段时鸣握着方向盘,本来开得还挺顺利的,心底那点自我感觉良好的劲悄悄漫上来。
谁知刚得意,就感觉视线有些模糊视线像是蒙了层揉皱的水雾,原本清晰的道路标线在视野里扭曲、交叠,白漆的线条歪歪扭扭缠成一团,连远处的车流都变得模糊晃动。
他心头倏地一紧,手不自觉握紧方向盘,下意识眨了眨眼,不过须臾,视线又奇异地恢复了清明,仿佛方才的异样只是错觉。
“……?”
可就在下一瞬,压根没来得及细想,更强烈的眩晕骤然袭来,眼前天旋地转。
段时鸣几乎是凭着本能猛地踩死刹车,右脚狠狠抵着踏板,同时双手发力打死方向盘,指节因用力泛出青白。
“吱——”
车直接撞上绿化带,车身与其摩擦时发出刺耳的金属摩擦声,轮胎碾过地面划出两道黑痕,而车辆安全系统触及紧急刹车时,安全气囊自动弹出。

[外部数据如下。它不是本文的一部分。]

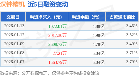 证券之星消息,1月13日,汉钟精机(002158)融资买入2969.23万元,融资偿还4041.24万元,融资净卖出1072.01万元,融资余额4.88亿元,近20个交易日中有13个交易日出现融资净买入。

他整个人因为刹车的惯性往前撞,额头狠狠撞在弹出的安全气囊上,闷痛顺着额头蔓延开来。
“唔——”
这是他最后的感知觉,额头被撞得好痛,而他整个身体只能趴在安全气囊上,眼皮愈发沉,没有力气再动了。
车后座响起惊慌失措的呼叫声,混着车身碰撞的巨响,尖锐的喇叭声划破云霄,惊飞了路边的麻雀。
段时鸣很快就听不清了,眼前一黑,手扣着方向盘的力道一点点松了下去,手臂重重的垂落。
最终整个世界被压缩成一声闷响。
意识再一次毫无征兆彻底陷入黑暗。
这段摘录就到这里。